The ratio of water and gas volumes significantly affects the coverage of formations by the displacement process and the efficiency of CO 2 application. Therefore, when using CO 2 to increase oil recovery, it is extremely important to determine the optimal sizes of slugs and the ratio of water and gas during their alternating injection in specific geological and physical conditions of the fields. This is possible only on the basis of mathematical (adequate to the model process) reliable information about the structure and state of saturation of the formation and correct economic criteria.

The economic efficiency of using CO 2 to increase oil recovery is determined based on its costs per unit volume of oil at the mouth of an injection well, i.e., specific additional oil production, and the price of oil.

The costs of CO 2 can vary widely depending on the source of its production.

Natural CO 2 from deposits located near oil fields will obviously be the cheapest. Natural accumulations of CO 2 have so far been discovered in the Semividovskoye field ( Western Siberia) and Astrakhan. It contains up to 20-30% of inactive components - methane, nitrogen, etc.

The largest resources of artificial CO 2 are provided by power plants, factories for producing artificial gas from coal, shale and other chemical plants. From the flue gases of a 250 MW thermal power plant, 2.5 million tons of CO 2 can be obtained per year.

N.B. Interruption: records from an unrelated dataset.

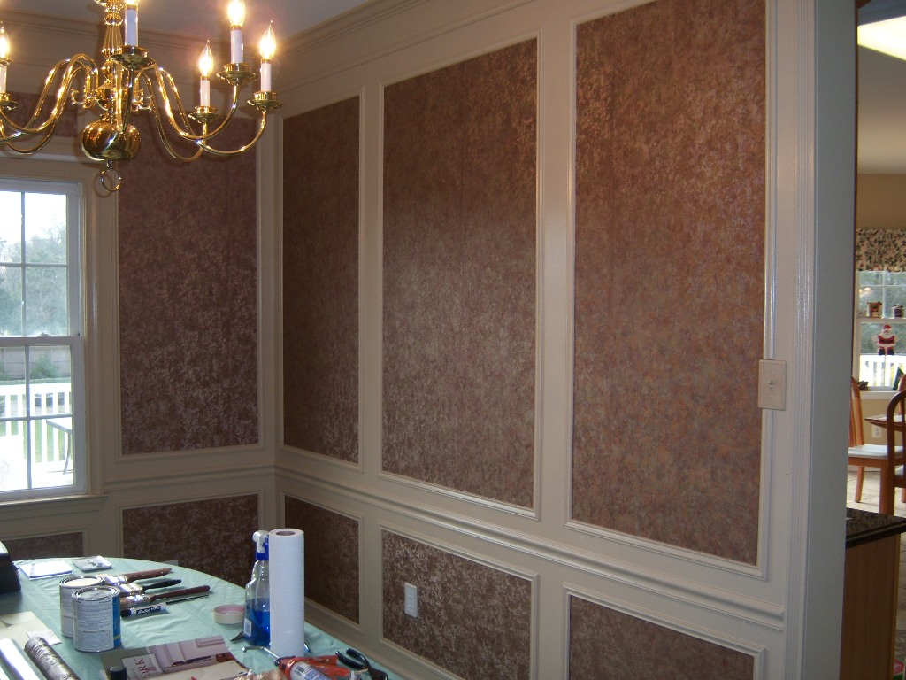 Description: A dining room with a chandelier and a table with a laptop on it and a chandelier hanging from the ceiling.
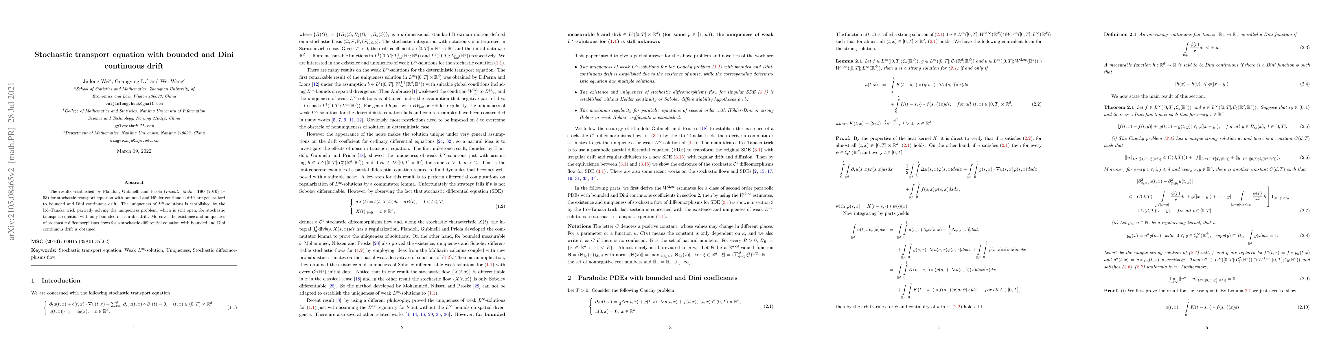 This paper generalizes results for stochastic transport equations with bounded and Dini continuous drift, establishing $L^\infty$-solution uniqueness via the Itô-Tanaka trick. It also proves the existence and uniqueness of stochastic diffeomorphisms for related stochastic differential equations.
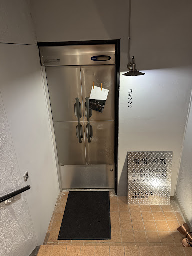 Read moreインスタ等で紹介されており、それに釣られて予約して伺いましたが結論から言えば大ハズレでした。 ビルの地下に降りて怪しげな冷蔵庫のドアみたいな入り口を開けてお店に入ります。 なかなかの雰囲気作りだと思い期待は膨らむのですが、案内された店内は薄暗い上にメニューが小さく老眼世代には読解不能です。 店内にはそこそこの人数の店員さんが居るのですが、どなたも余裕が無く時には通路を走っています。 その上に客の来店やオーダー時には大声での掛け声が店中に鳴り響き、ほぼ会話が出来ない状態です。 勝手が分からずコースを注文したのですが、コース料理のサムギョプサルを焼いている時でも大声で掛け声を叫ぶので、恐らく料理にツバが掛かりまくっていると思い不愉快です。 威勢の良い掛け声がこの店の売りかも知れませんが、物事には限度があると思います。 更にオーダーしてから料理の提供までの時間が遅すぎます。 催促してもなかなか料理が提供されないので、我々はコースの最後のご飯とシャーベットを食べずに店を出ました。 料理の内容を言うと、チョレギサラダはとても塩からい。サムギョプサルの豚肉は固い。チヂミは生焼けの様にブニョっとしています。 入店して席に座るや否や「お一人1ドリンク制」と否応無しに注文させられます。 極め付けは全く説明が無く、会計後レシートを見て初めて分かったのですが、「お通し」が3人で1,050円取られていた事で、お通しの内容は串に刺した5センチほどのキュウリが3本です。 店全体が高校生の運動部みたいで兎に角、「声を出して勢いで店やってる」感が強く、店員さんに質問しても的確な答えが返って来ず全体的にスキルも低いです。 入店時に「2時間以内で」と釘を刺される割には余りにも料理の提供が遅く催促しても「まだ時間が掛かる」との事なので、痺れを切らせてコースのご飯とデザートを食べずに帰ったのですが、その分の返金対応は出来ないとの事。 まぁ、それはこちらが「もういい」と食べずに退店したので100歩譲るにしても、料理の提供時間・従業員のスキル・料理の味・お店の雰囲気とどれを取っても満足出来る点はありませんでした。 正直、どうしてこの店の評価が高いのか私には理解出来ませんし、かなりサクラの口コミがあるのではないかと疑ってしまいます。個人的には2度と...
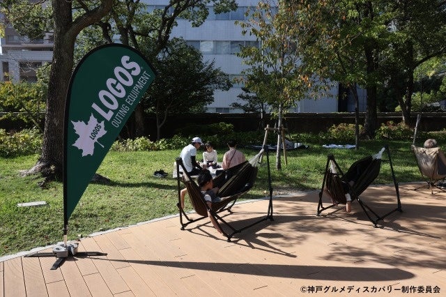 神戸グルメをイートスペースで食べるもよし、芝生にレジャーシートを広げて解放感あふれるピクニックもよし!公園を一望できる見晴らし広場には、アウトドアブランド「LOGOS」のハンモックやチェアなどアウトドアギアでくつろげるエリアも用意しています。また、当日は大道芸パフォーマンスも登場予定!
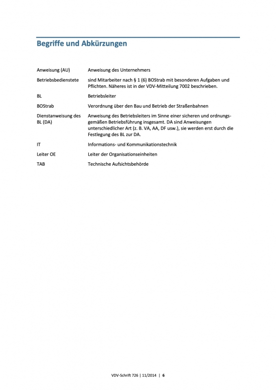 Dem Unternehmer eines Straßenbahnbetriebes wird gemäß PBefG und BOStrab eine besondere Verantwortung zugewiesen. Der Unternehmer ist für die Zuverlässigkeit, Sicherheit und Ordnungsmäßigkeit des BOStrab- Betriebes insgesamt verantwortlich. Der Unternehmer erlässt zur Umsetzung dieser Verantwortung sinnvollerweise eine Unternehmens-Anweisung. Die VDV-Schrift 726 stellt die Verantwortlichkeiten des Unternehmers, die Erläuterung der Funktion des Betriebsleiters BOStrab und die Erläuterung der gemeinsamen Verantwortung von Unternehmer und Betriebsleiter bei der Betriebsdurchführung dar. Sie gibt als Empfehlung einen Handlungsrahmen für eine Unternehmensanweisung vor, ohne den Anspruch zu haben, detaillierte Regelungen festzulegen, wie Unternehmeraufgaben wahrgenommen werden sollen Diese Schrift wendet sich nicht nur an technische und betriebliche Unternehmensleiter (bei denen das Wissen um die Regelungsinhalte von PBefG und BOStrab vorausgesetzt werden kann), sondern ebenso an die Vorstände und Geschäftsführer aus nichttechnischen Organisationseinheiten. Damit hat diese Schrift nicht zuletzt auch informierende Funktion, Verweise oder Zitate aus PBefG und BOStrab werden dort gebracht, wo sie zur Verdeutlichung nötig erscheinen. Die Rahmenanweisung des Unternehmers nach BOStrab sowie die Rahmendienstanweisung des Betriebsleiters BOStrab (VDV-Schrift 721) sind im Zusammenhang zu sehen und bilden das organisatorische Fundament zur sicheren und ordnungsgemäßen Betriebsdurchführung.

Plants producing artificial hydrocarbon gas from coal emit 3-4 times more CO 2 as a by-product than the target product. This gas must be purified, compressed and transported to oil fields. According to some projects, with a transportation distance of up to 800 km, the cost of 1000 m 3 CO 2 will be 35-40 dollars. At this cost of CO 2 and the indicated specific consumption for oil production, 1 ton of additional oil will cost approximately 30-80 dollars. Even with such unit costs, the method is of industrial interest at the current oil price.

Disadvantages of the method, limitations, problems . The main disadvantage of the method of extracting residual oil using CO 2 is the reduction in the sweep of formations by displacement compared to conventional waterflooding, especially when it is incompletely miscible with oil. If it were possible to ensure that the coverage of formations by displacing CO 2 was the same as during waterflooding, then it would be possible to obtain a significant increase in oil recovery, since in the zone where CO 2 mixes with oil, very little residual oil remains - 3-5% . As noted, the reduction in the coverage of formations by displacement can be reduced in different ways - by improving the conditions of miscibility with alternating rims of water and gas, changing their size, selective isolation of certain intervals of formations to level out the advancement of CO 2, cyclic impact on the formations, appropriate placement of wells and opening up formations in them and etc.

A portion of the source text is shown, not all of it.